The ground game took centre stage at UFC Fight Night Teixeira vs. Saint Preux, with fights being finished throughout the card via ground and pound or submissions. There were some solid pieces of ground technique that every fighter can learn from on Saturday night and here we will break them down, looking at every finish from the weekends UFC event.

Dustin Ortiz def. Willie Gates via. KO, round 3

Takedowns were the weapon of choice for Dustin Ortiz throughout Saturday night and the end of the contest came from another takedown in the final round. After some ground and pound followed by Willie Gates scrambling, Ortiz was able to take a crucifix style top position, locking up Gates’ right am with his legs. Ortiz kept up the ground and pound pressure forcing Gates to attempt another scramble to stay in the fight.
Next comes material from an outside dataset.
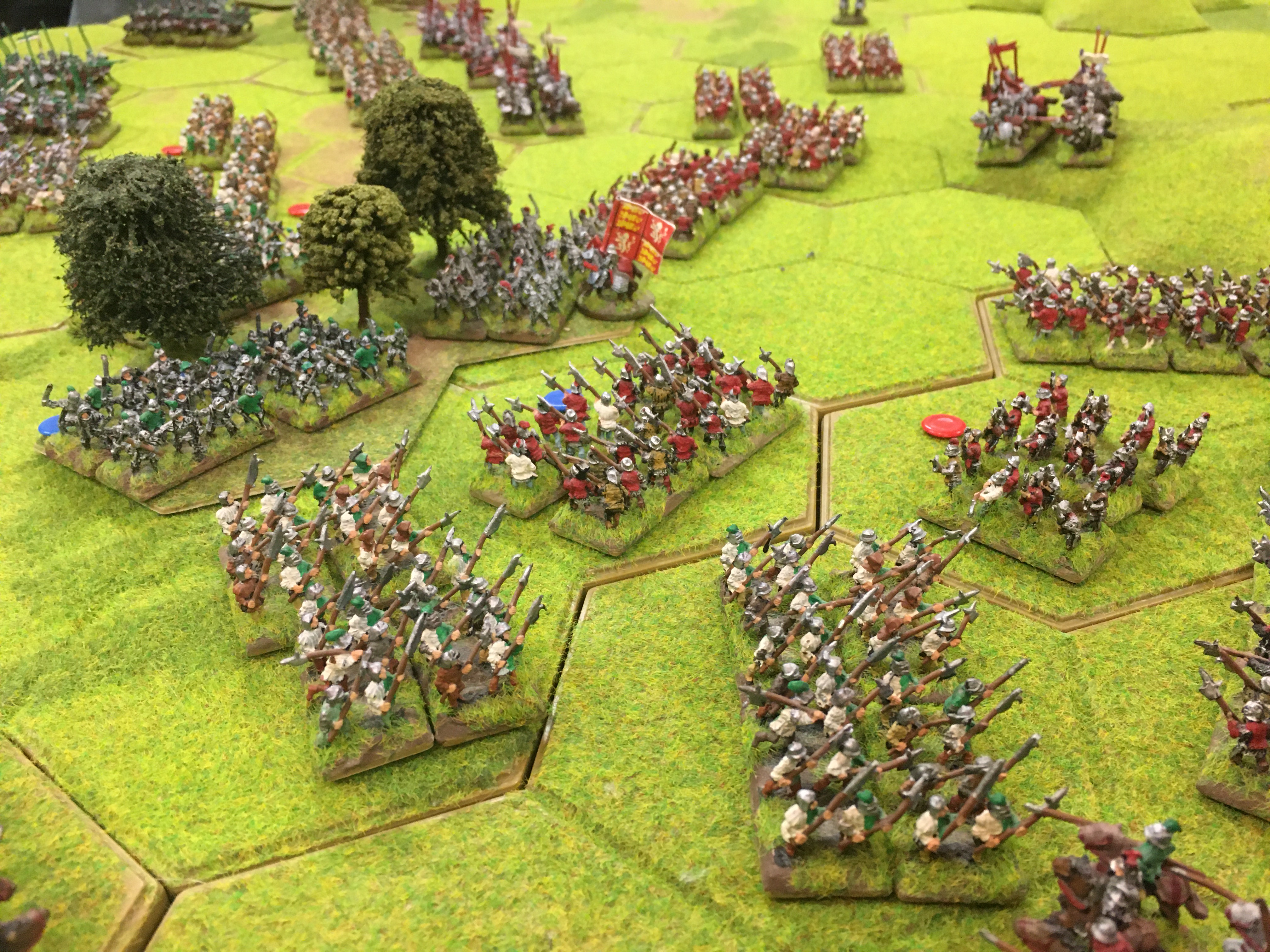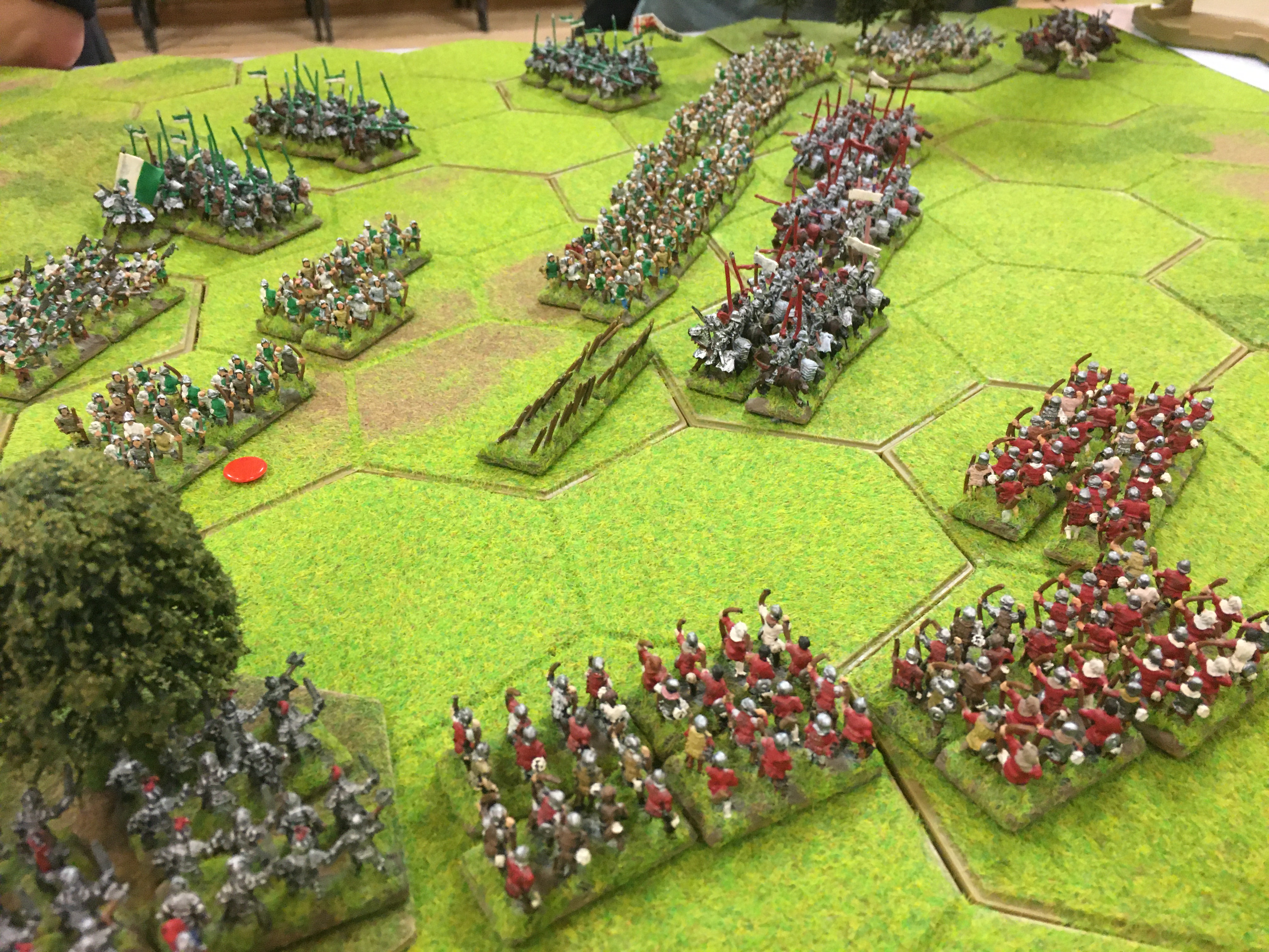 Tony positioned all but one of our mounted men-at-arms units behind our Lancastrian longbow and the threat of a charge made Chris cautious and he halted his advance and his longbow planted stakes. However, Tim through caution to the wind and charged his infantry and cavalry towards the central wood and my extreme left wing. In response to Tim’s attack I could either pull back into a strong defensive line or meet him head-on. I chose the latter!

Ortiz anticipated this perfectly and used the scramble to take full mount position. From here, Ortiz rained down elbows and punches. The mix of Ortiz’s cardio and his dedication to position over finish allowed him to control Gates, defend the escape attempts and still have the energy to keep attacking from the top position smothering the exhausted Gates and forcing the referee to call off the fight.

I’ve said it before and I’ll say it again, keeping position when on top should always be number one priority over attacking. When on top, stabilize your position first and then look to attack with strikes, submissions or passes. In this contest, whenever Gates showed a hint of moving from the bottom position, Ortiz stopped his attack, repositioned Gates and then continued striking. This minimalizes your opponent’s chances to escape and maximizes your chances of finishing the fight.


Uriah Hall def. Oluwale Bamgbose via. KO, round 1

This fight finish showed the true power Hall has in his hands, with what looked like minimal ground and pound from a full guard position instantly turning into a fight ending situation.

From being in Bamgbose’s full guard, Hall was able to stack up and land a short left hand right on Bamgbose’s chin. This short shot spelled disaster for Oluwale, as he immediately turtled up following the strike, prompting Uriah to pour on the ground and pound pressure and forcing the referee stoppage. Bamgbose was visibly very wobbly as he stood up following the finish showing just how destructive Hall’s strikes can be even from the shortest distance.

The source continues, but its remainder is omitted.